A former football player has been banned from owning cattle for 10 years after he pleaded guilty to 72 charges of animal cruelty and neglect.
Joseph Dare, 33, joined the Carlton Football Club during the 2010 Rookie Draft but would never make a first-grade appearance for the club.
The dairy farmer, who lives in Victoria, was convicted and was also fined $75,000 for the offences, which were described by Magistrate Franz Holzer as ‘one of the worst examples of animal neglect that I have seen’.
A well-known footballer among the Victorian local leagues, Dare had first faced 33 charges of animal cruelty in September.
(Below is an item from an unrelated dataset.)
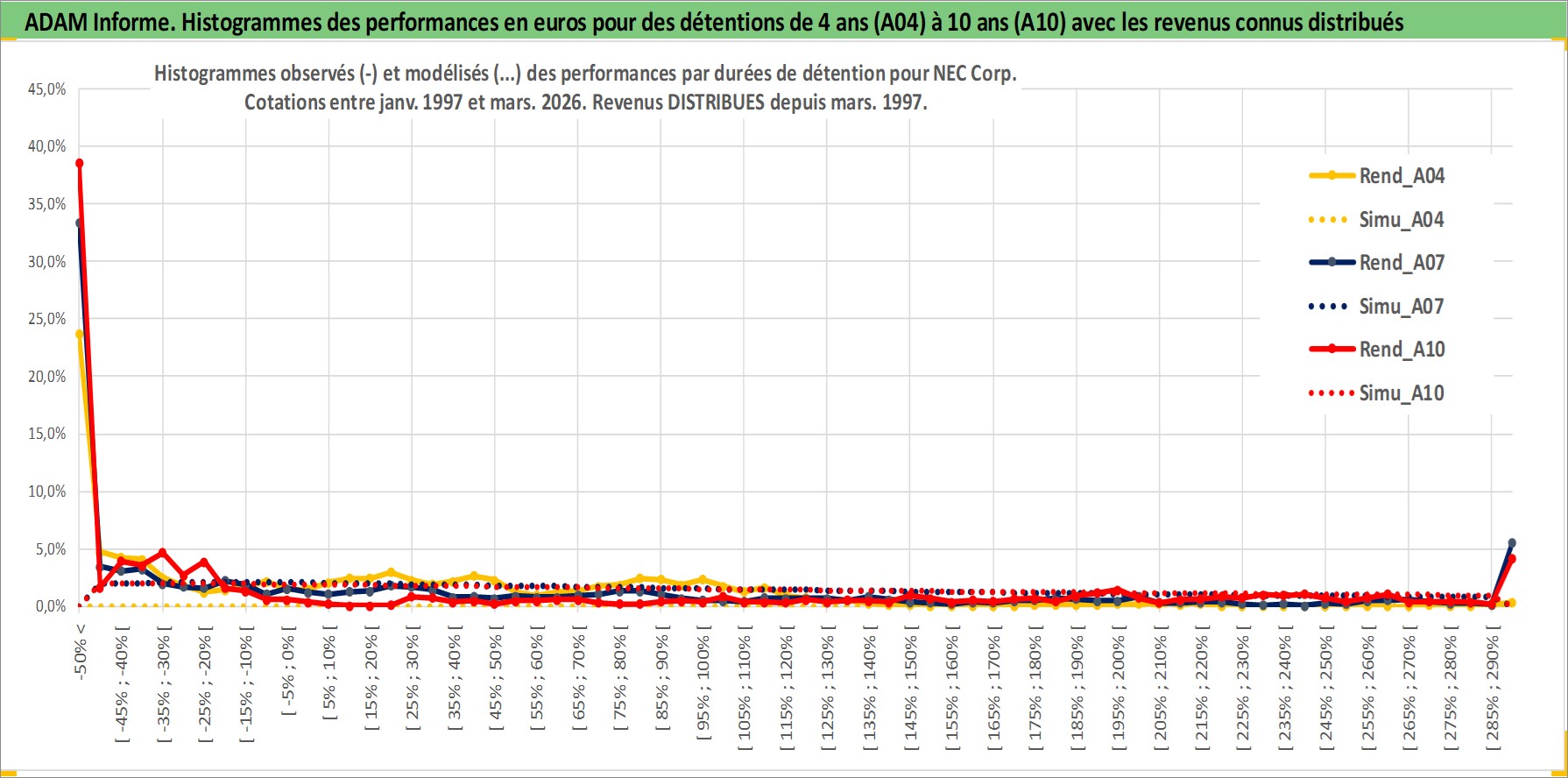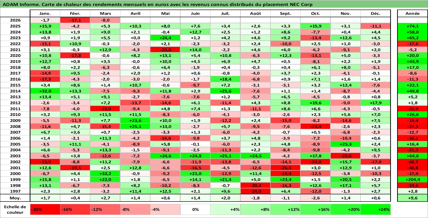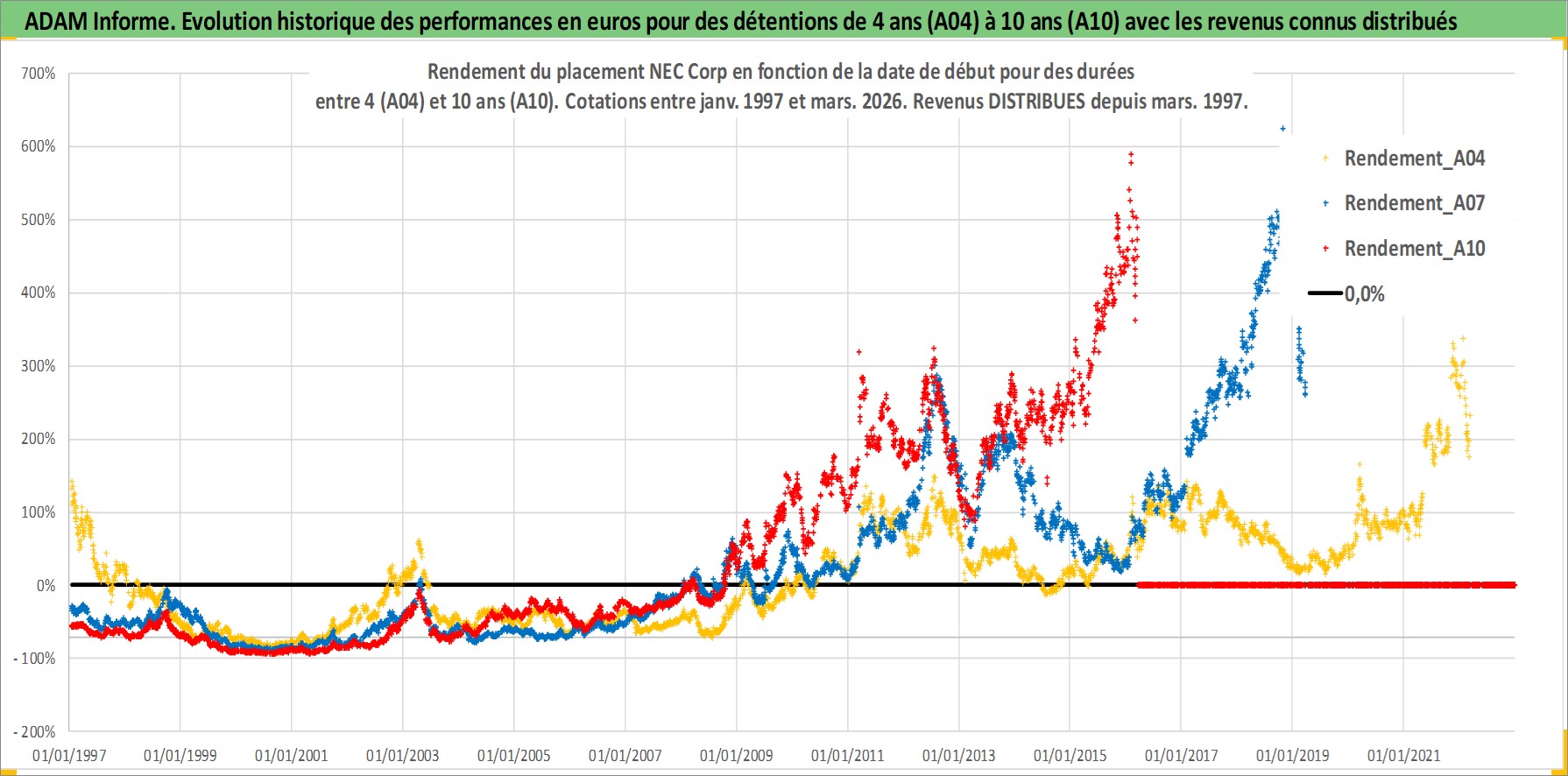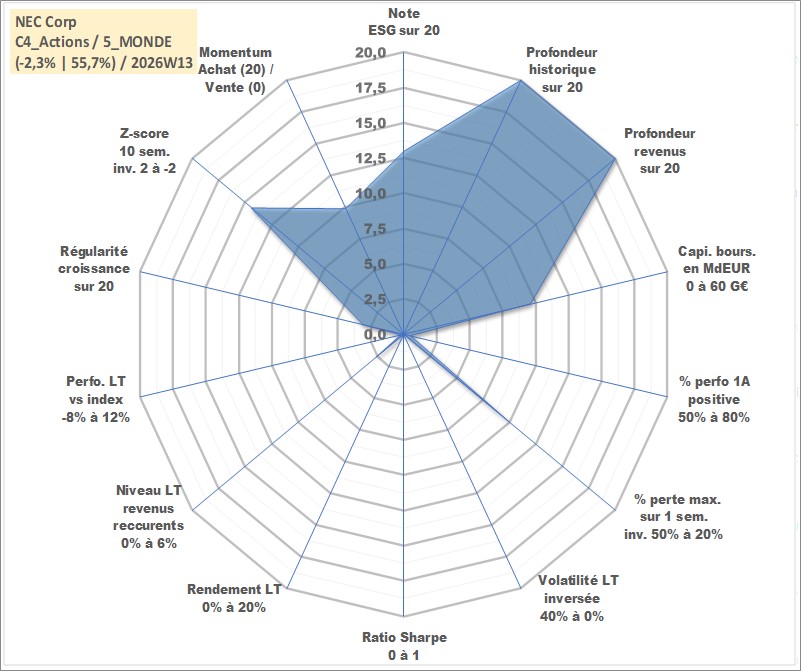 Site dédié aux investisseursPage dédiée sur site financeAnalyse des valorisations hebdomadaires de l'action NEC Corp. Cet actif est cote en JPY. Les valorisations sont en contrevaleur EURO et couvrent les semaines 1997W01 a 2026W13. Les revenus de cet actif financier sont pris en compte depuis la semaine 1997W13. La note globale ESG de cet actif est estimee a 13.0 (apres rebasage entre 0 et 20).

Further charges came in April, with 13 aggravated animal cruelty offences and 16 animal cruelty charges for alleged offending being made against the ex-footballer.
The incidents were said to have occurred between July 2022 and January 2024.
The Colac Magistrates Court heard accounts of how livestock had both suffered and died on his Dreeite farm.
Former football player, Joe Dare, has been banned from owning cattle for 10 years after he pleaded guilty to 72 charges of animal cruelty and neglect
Department of Energy, Environment and Climate Action prosecutor Scott Ward told the court that his farm had been visited by officers from Agriculture Victoria on multiple occasions during that period.
He presented photographs to the court, while detailing graphic incidents where cattle had suffered or died on Dare’s farm.
The charges levied included allegations that Dare had not provided appropriate care, treatment or attention to the animals and had also failed to provide his livestock with sufficient food.
Ward explained that cattle were found to have body score conditions of 0-1. Some of the animals were suffering from issues including lung disease, pneumonia, starvation, dehydration and trauma.
Speaking to the court, he said one officer had described the cows as ‘walking skeletons and still had calves suckling from them.’
Officers found a total of 170 animals on the farm, however, 45 had to be euthanised.
Dare was charged with in relation to breaches of Victoria’s Prevention of Cruelty to Animals Act 1986.
During sentencing, Magistrate Holzer described Dare’s farm as ‘animal killing fields’.
Dare, 33, joined the Carlton Football Club during the 2010 Rookie Draft but would never make a first-grade appearance for the club
‘He got animals that were unwell and then neglected them even further … that's just shameful, shameful,’ the magistrate explained.
After leaving Carlton, Dare, who is the son of a dairy farmer, moved to play football for the Northern Bullants in 2011 and again moved to Cobden in 2012.
After hanging up his footy boots, Dare took up a coaching role at Alvie, going on to help the side win a premiership.
Dare told police that his business had grown from 200 milking cows to 2,000, the court was told. He had just one farmhand after losing multiple members of staff back in 2023.
But Magistrate Holzer believed that his background in farming should have meant that Dare was better able to care for his animals.
‘It’s such a significant departure from the standards expected,’ Holzer added.
‘He was growing his business too quickly, he didn’t have the financial capacity … It seems to me he was out of his depth, well and truly.’
Dare had been farming in the Nalangil district, 15km from Colac.